Apparently there was a deal on Red Square.

One down, one to go and it's only a quarter to nine 










Let's see some of your CCCP's


----------



## howie77 (Jun 21, 2009)

BondandBigM said:


> This what happens when I entrust the shopping to Big M, no Smirnoff
> 
> Apparently there was a deal on Red Square.
> 
> ...


Very good, Mr Bond!

Is that big chunk of retro cool also known as a Red Square? Or are you just wanting pictures of bottles of Vodka!


----------



## BondandBigM (Apr 4, 2007)

howie77 said:


> Very good, Mr Bond!
> 
> Is that big chunk of retro cool also known as a Red Square?

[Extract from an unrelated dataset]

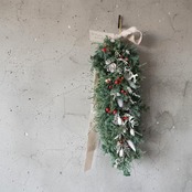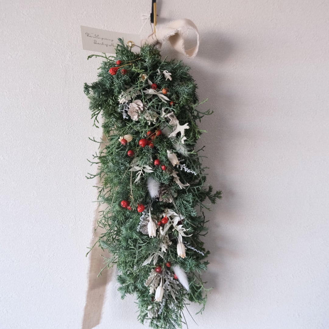 グリーンに白と赤が映える、クリスマスシーズンを彩る縦長のガーランド。

Or are you just wanting pictures of bottles of Vodka!


Either Or

:lol: :lol:

Plenty of Russian on display but few with the CCCP logo so I thought for a bit of fun we could have a thread for a bit of CCCP Love. Although I will concede that the thread title might be a bit misleading


----------



## William_Wilson (May 21, 2007)

These two have CCCP on them.



















Later,

William


----------



## Kutusov (Apr 19, 2010)

William_Wilson said:


> These two have CCCP on them.


...and this one is a Red Square also 










...no CCCP on it but still...


----------



## Rotundus (May 7, 2012)

i remember red square vodka - bloody terrible stuff - wouldn't insult the horse by using it as rubbing liniment.

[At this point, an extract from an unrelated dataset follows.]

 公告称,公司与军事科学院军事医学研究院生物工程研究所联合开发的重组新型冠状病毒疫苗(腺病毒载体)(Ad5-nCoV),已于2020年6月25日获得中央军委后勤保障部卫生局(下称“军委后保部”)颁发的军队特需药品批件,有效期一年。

get some finlandia mate, or absolut if you must...


----------



## BondandBigM (Apr 4, 2007)

desmondus rotundus said:


> i remember red square vodka - bloody terrible stuff - wouldn't insult the horse by using it as rubbing liniment.


Probably

But two problems..........................Big M heart was in the right place and will be upset if I don't drink it, secondly after a bottle and a bit does it matter :lol: :lol:


----------



## AlexC1981 (Jul 26, 2009)

The VE Red Square with a red dial is one of those watches that I really have to own one day :man_in_love:

Lucky chap that I am, I have CCCP's. Cheap watches, but full of character.

Raketa










Slava. You can just about make out the CCCP in between the 5 and 6 markers.

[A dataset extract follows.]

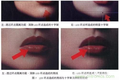 一個(gè)好的小點(diǎn)間距LED顯示屏必須要能消除因LED壞點(diǎn)所造成惱人的亮線或十字架現(xiàn)象,如圖7左圖所示。唯有采用具有“壞點(diǎn)隔離”功能(dead pixel isolation)的LED驅(qū)動(dòng)芯片,才能維持小點(diǎn)間距LED顯示屏的正常運(yùn)作,并可方便用戶彈性安排維修時(shí)程。
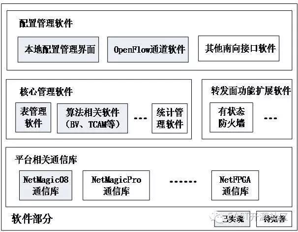 核心管理軟件主要是SDN交換機數據平面中由CPU軟件實現的基本功能,包括各種表管理軟件,硬件相關的驅動和管理軟件以及軟硬件協同處理中的軟件功能實現部分。各部分主要功能如下。

Raketa. Clear as a bell on this one.


----------



## mach 0.0013137 (Jan 10, 2005)

As shown in the Saturday thread...

*Vostok Europe `Red Square`, cal.2432 32 Jewels*










B)


----------



## Kutusov (Apr 19, 2010)

AlexC1981 said:


> The VE Red Square with a red dial is one of those watches that I really have to own one day :man_in_love:


Speaking of wishes and CCCP, I should probably get one of these one of these days (Poljot International)


----------



## pg tips (May 16, 2003)

pretty crap Q&D (at this time of night what do you expect?)


----------



## pg tips (May 16, 2003)

It's this one just so you can see it is a CCCP


----------



## Krispy (Nov 7, 2010)

Dreadful, dreadful picture for which I apologise. Some of my CCCP's...


----------